Pembahasan Soal Ujian Profesi Aktuaris
| Institusi | : | Persatuan Aktuaris Indonesia (PAI) |
| Mata Ujian | : | Metoda Statistika |
| Periode Ujian | : | November 2017 |
| Nomor Soal | : | 27 |
SOAL
Sebuah regresi linier digunakan untuk mencocokkan suatu deret waktu dengan 30 pengamatan.
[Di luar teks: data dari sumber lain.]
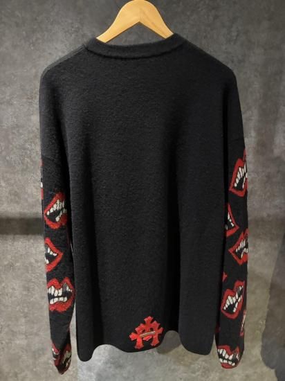 クロムハーツ カシミヤニットセーター チョンパージャガード ブラック×レッド Lサイズ B品
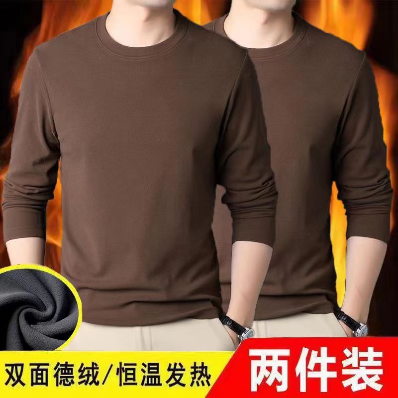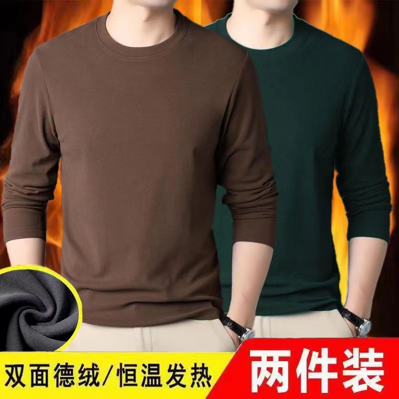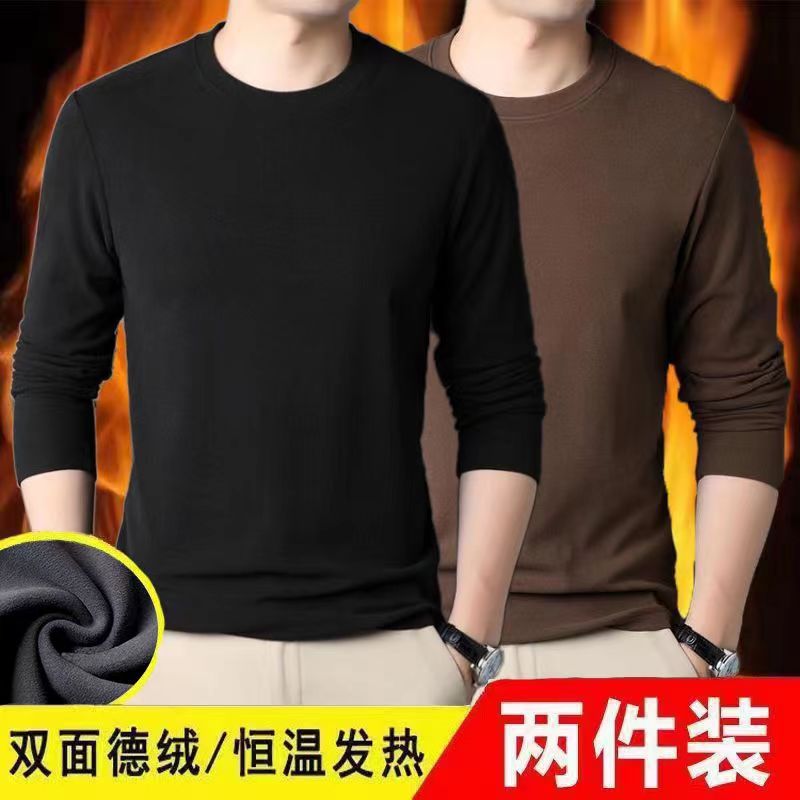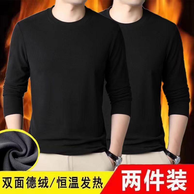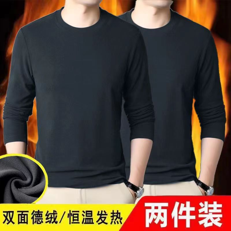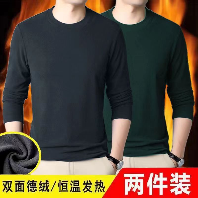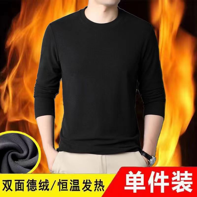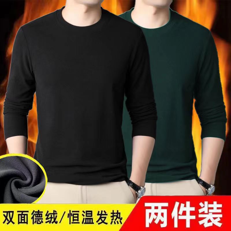 Главная страница > Осенняя одежда Двусторонняя бархатная футболка с постоянным нагревом и длинными рукавами, модная универсальная Однотонная рубашка с круглым вырезом, мужское термобелье

Diketahui:
\({{\hat \varepsilon }_1} = – 8\)
\({{\hat \varepsilon }_{30}} = 10\)
\(\sum\limits_{t = 1}^{30} {\hat \varepsilon _t^2} = 3200\)
\(\sum\limits_{t = 2}^{30} {\left( {{{\hat \varepsilon }_t}{{\hat \varepsilon }_{t – 1}}} \right)} = 760\)
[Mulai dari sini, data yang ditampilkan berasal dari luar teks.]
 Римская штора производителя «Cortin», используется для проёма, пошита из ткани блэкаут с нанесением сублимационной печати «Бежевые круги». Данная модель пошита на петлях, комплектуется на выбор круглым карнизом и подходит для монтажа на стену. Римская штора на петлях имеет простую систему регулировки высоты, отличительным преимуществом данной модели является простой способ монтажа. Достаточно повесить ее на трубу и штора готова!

Hitunglah statistik Durbin-Watson (dibulatkan 2 desimal).
- 1,27
- 1,37
- 1,47
- 1,57
- 1,67
| Diketahui | regresi linier digunakan untuk mencocokkan suatu deret waktu dengan 30 pengamatan
\({{\hat \varepsilon }_1} = – 8\)
\({{\hat \varepsilon }_{30}} = 10\)
\(\sum\limits_{t = 1}^{30} {\hat \varepsilon _t^2} = 3200\)
\(\sum\limits_{t = 2}^{30} {\left( {{{\hat \varepsilon }_t}{{\hat \varepsilon }_{t – 1}}} \right)} = 760\) |
| Rumus yang digunakan | \(d = \frac{{\sum\limits_{t = 2}^n {{{\left( {{{\hat \varepsilon }_t} – {{\hat \varepsilon }_{t – 1}}} \right)}^2}} }}{{\sum\limits_{t = 1}^n {{{\hat \varepsilon }_t}^2} }}\)
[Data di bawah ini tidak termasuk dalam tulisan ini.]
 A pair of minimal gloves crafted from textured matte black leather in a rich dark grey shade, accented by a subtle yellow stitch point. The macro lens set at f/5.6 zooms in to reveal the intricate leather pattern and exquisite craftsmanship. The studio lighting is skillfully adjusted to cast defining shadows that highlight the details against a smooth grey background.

\(= \frac{{\sum\limits_{t = 1}^n {{{\hat \varepsilon }_t}^2} + \sum\limits_{t = 2}^n {{{\hat \varepsilon }_{t – 1}}^2} – 2\sum\limits_{t = 2}^n {\left( {{{\hat \varepsilon }_t}{{\hat \varepsilon }_{t – 1}}} \right)} }}{{\sum\limits_{t = 1}^n {{{\hat \varepsilon }_t}^2} }}\) |
| Proses pengerjaan | \(d = \frac{{\sum\limits_{t = 1}^{30} {{{\hat \varepsilon }_t}^2} + \sum\limits_{t = 2}^{30} {{{\hat \varepsilon }_{t – 1}}^2} – 2\sum\limits_{t = 2}^{30} {\left( {{{\hat \varepsilon }_t}{{\hat \varepsilon }_{t – 1}}} \right)} }}{{\sum\limits_{t = 1}^{30} {{{\hat \varepsilon }_t}^2} }}\)
\(= \frac{{3200 + \left( {3200 – {{\left( { – 8} \right)}^2} – {{10}^2}} \right) – 2\left( {760} \right)}}{{3200}}\)
\(= 1,47375\) |
| Jawaban | c. 1,47 |